Further, the output gear 51 (final gear) of the reduction gear train 53 is overlapped with the valve body 27 and is connected with the valve body 27 on an opposite side to the contact face 77 side of the valve body 27 (opposite side to the valve seat face 24) in the extended direction of the axial line “L1”. Therefore, a structure surrounding the valve body 27 can be simplified and thus the size of the refrigerant valve device 1 can be reduced. Further, the connected portion of the output gear 51 with the valve body 27 is fitting portions of the projections 61, 62 and 63 to the fitting recessed parts 70, 71 and 72, and the connected portion is provided at plural positions in the circumferential direction. Therefore, the output gear 51 and the valve body 27 are surely connected with each other. In addition, the fitting recessed part 72 is formed as a through-hole penetrating to the valve seat face side cut-out part 81, and the tip end of the projection 63 fitted to the through-hole is extended to an inside of the valve seat face side cut-out part 81 and caulked from the valve seat face 24 side. Therefore, the output gear 51 can be fixed to the valve body 27 without looseness and thus the output gear 51 and the valve body 27 can be unified with each other. Accordingly, turning of the valve body 27 can be surely controlled by the valve body drive mechanism 52.

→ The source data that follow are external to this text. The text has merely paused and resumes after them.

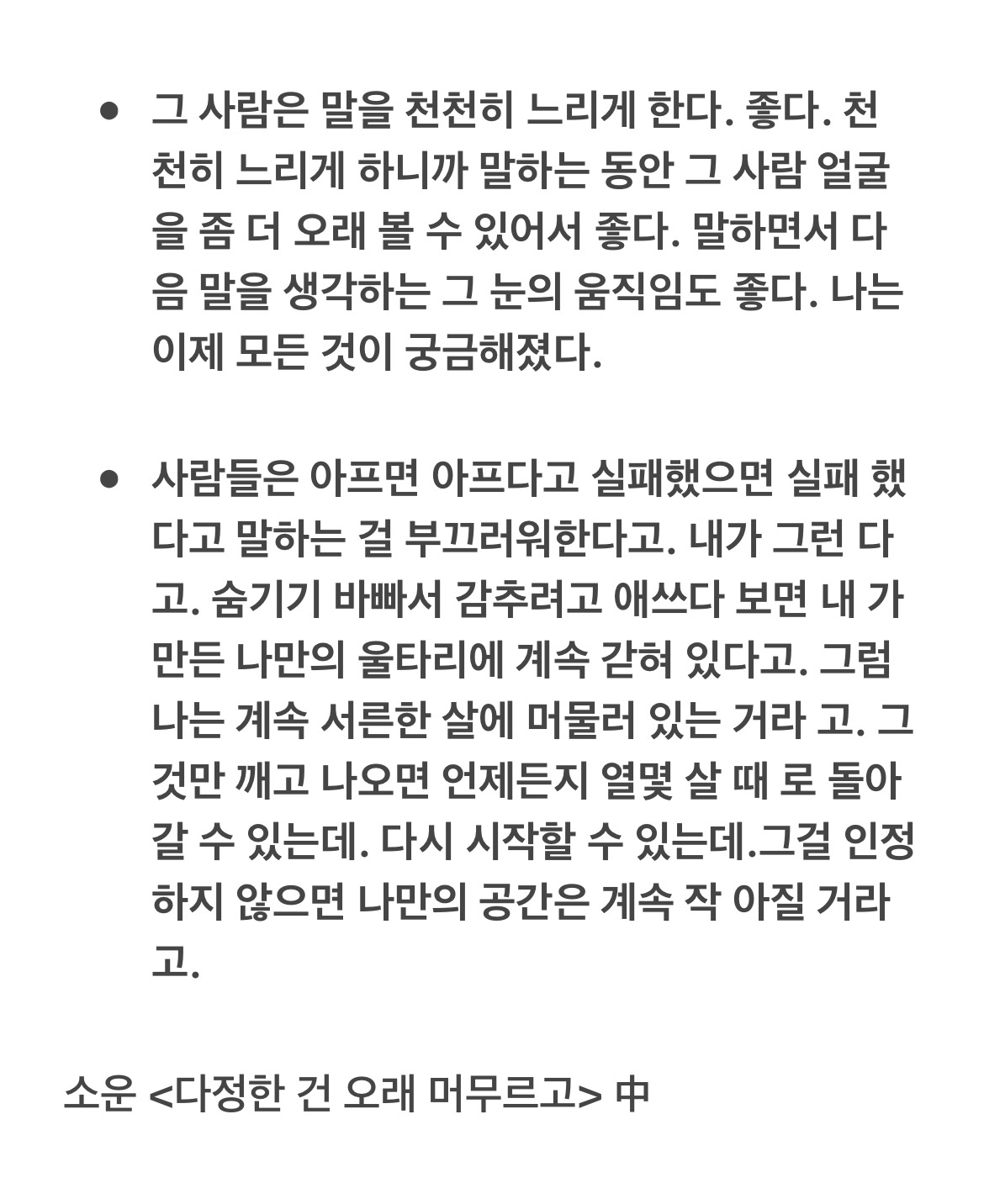 책을 읽으면 매 글마다 내 인생에 담아두려 어디엔가 기록을 남기곤 한다. 기록하는 순간의 생각이 아까워서, 짧게나마 아웃풋을 늘리고 싶어 끄적여본다.
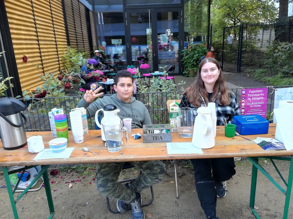 Foto: Ein Bierzelttisch, darauf Tee, Kaffee und Becher, dahinter sitzen zwei Jugendliche, der linke macht ein Peace Zeichen mit seiner Hand
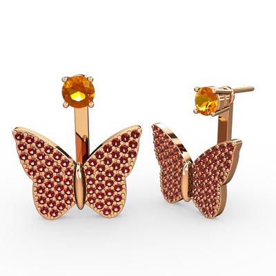 Sitrin ve garnet 925 ayar rose altın kaplama gümüş küpe
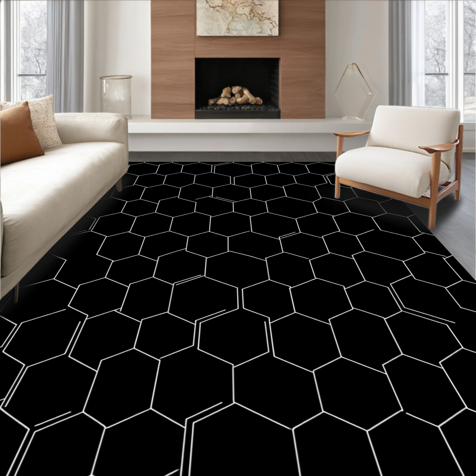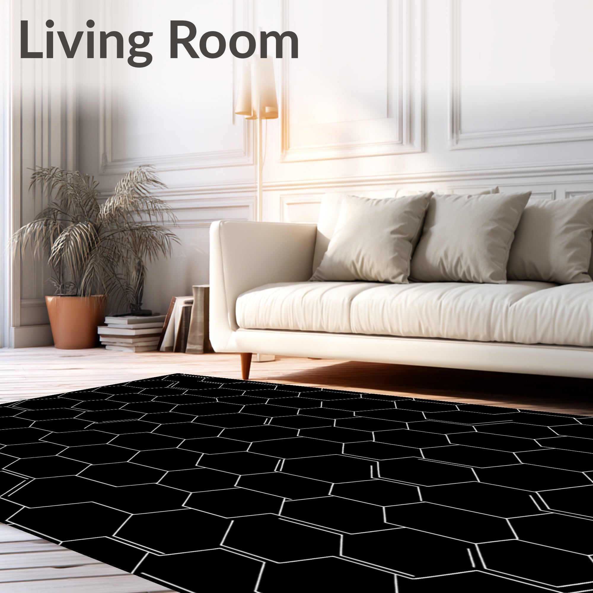 Flatwoven High Traffic Area Rug, Eclipse Hexagonal Grid With Interlocking Minimalist Symmetry, Non Slip, Stain Resistant, Washable Area Rugs for Living Room, Bedroom (Black) Overview:
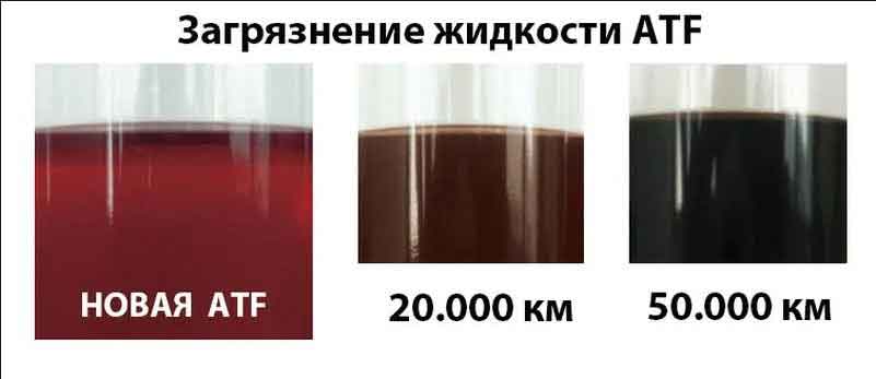 Жидкость для трансмиссии более красная, густая и с характерным запахом. Для тестирования соберите жидкость в емкость с водой и посмотрите на реакцию.

Further, the connected portions of the output gear 51 with the valve body 27 are provided at unequal intervals in the circumferential direction and thus a large space area can be secured between the fitting recessed part 70 and the fitting recessed part 71 (region where the orifice 67 is formed). Therefore, even when the upper end opening 67a of the orifice 67 (the other end of the orifice 67) of the valve body 27 is opened at a position overlapping with the output gear 51, a communicating path for communicating the other end of the orifice 37 with the valve chamber 36 can be easily formed on at least one of a face of the output gear 51 overlapping with the valve body 27 and a face of the valve body 27 overlapping with the output gear 51. For example, in a portion between the fitting recessed part 70 and the fitting recessed part 71 (portion where the other end of the orifice 67 is opened), the gear side cut-out part 73 (cut-out portion) can be formed as a communicating path on the face of the valve body 27 overlapping with the output gear 51. Therefore, even when the other end of the orifice 67 is opened in the valve body 27 at a position overlapping with the output gear 51, the first refrigerant flowing passage “A1” can be structured so as to pass the orifice 67 and the gear side cut-out part 73 (cut-out portion, communicating path).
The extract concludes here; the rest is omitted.